• **Input data**:
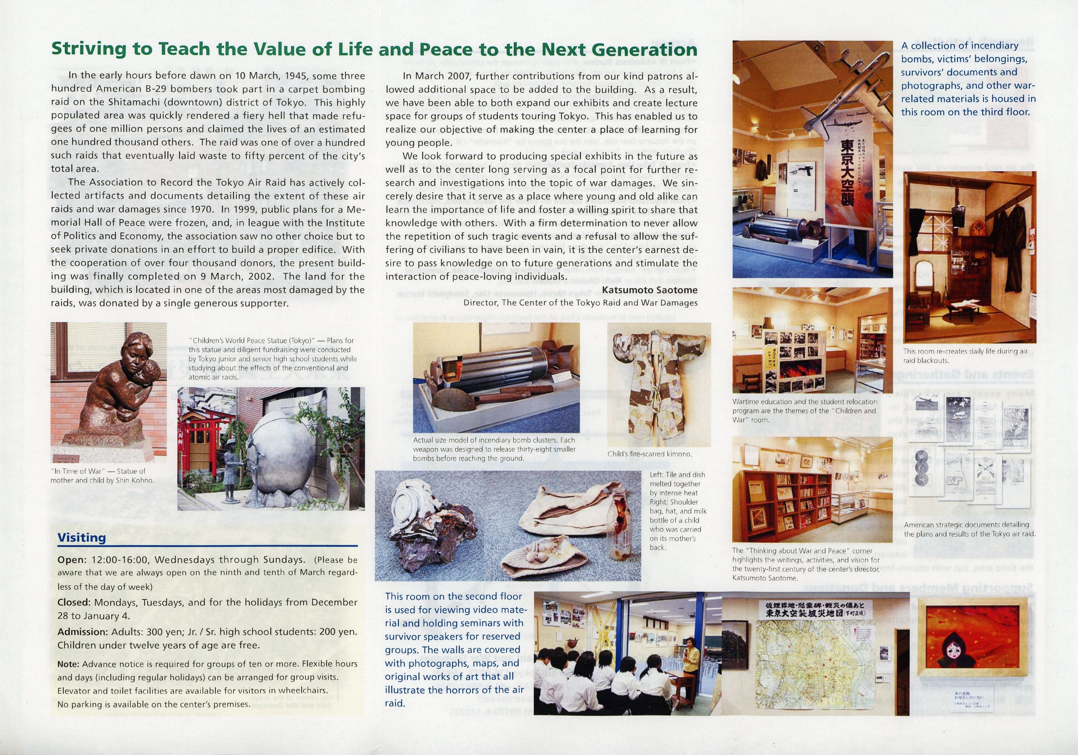 Brochure for The Center of the Tokyo Raid and War Damages 東京大空襲・戦災資料センター. See: Tokyo’s archaeology of World War II 東京の第二次世界大戦の考古学 (WW2 sites)
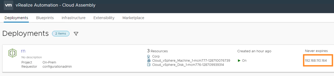The IP address and gateway details match across the IP range covered by the network, the address shown in the deployments view and the details visible within the guest OS. Note that my DHCP range on this network is 192.168.110.220-240).
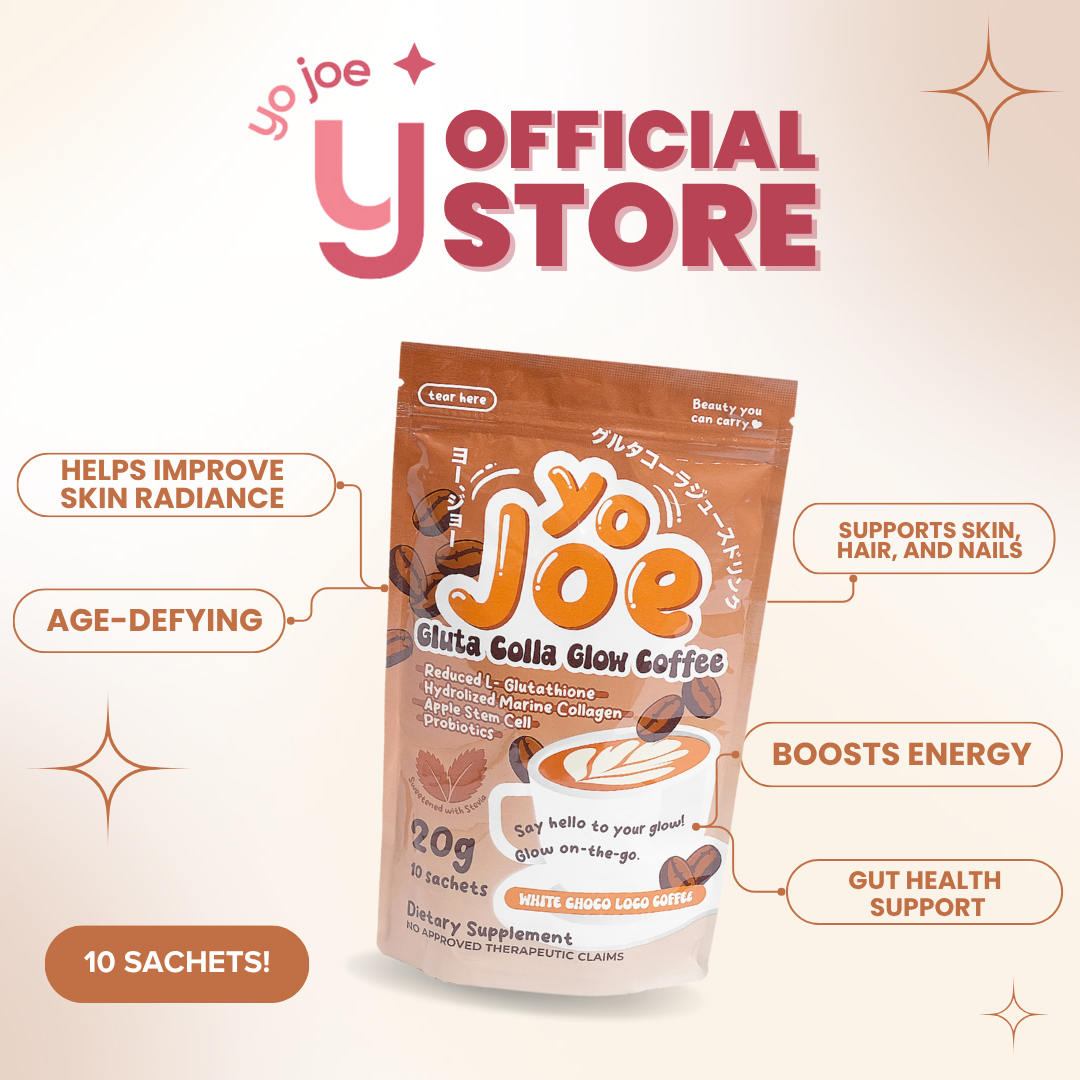 Yo Joe | Gluta Collagen Glow Coffee (White Choco Loco Coffee) Stem Cell Boost & Wrinkle Reduction | 10 Sachets.

• **Problem**: Every line from the start of the material through the line holding "The IP address" must be returned exactly, and the pictures must not.

• **Answer to the exercise**:
 Brochure for The Center of the Tokyo Raid and War Damages 東京大空襲・戦災資料センター. See: Tokyo’s archaeology of World War II 東京の第二次世界大戦の考古学 (WW2 sites)
The IP address and gateway details match across the IP range covered by the network, the address shown in the deployments view and the details visible within the guest OS. Note that my DHCP range on this network is 192.168.110.220-240).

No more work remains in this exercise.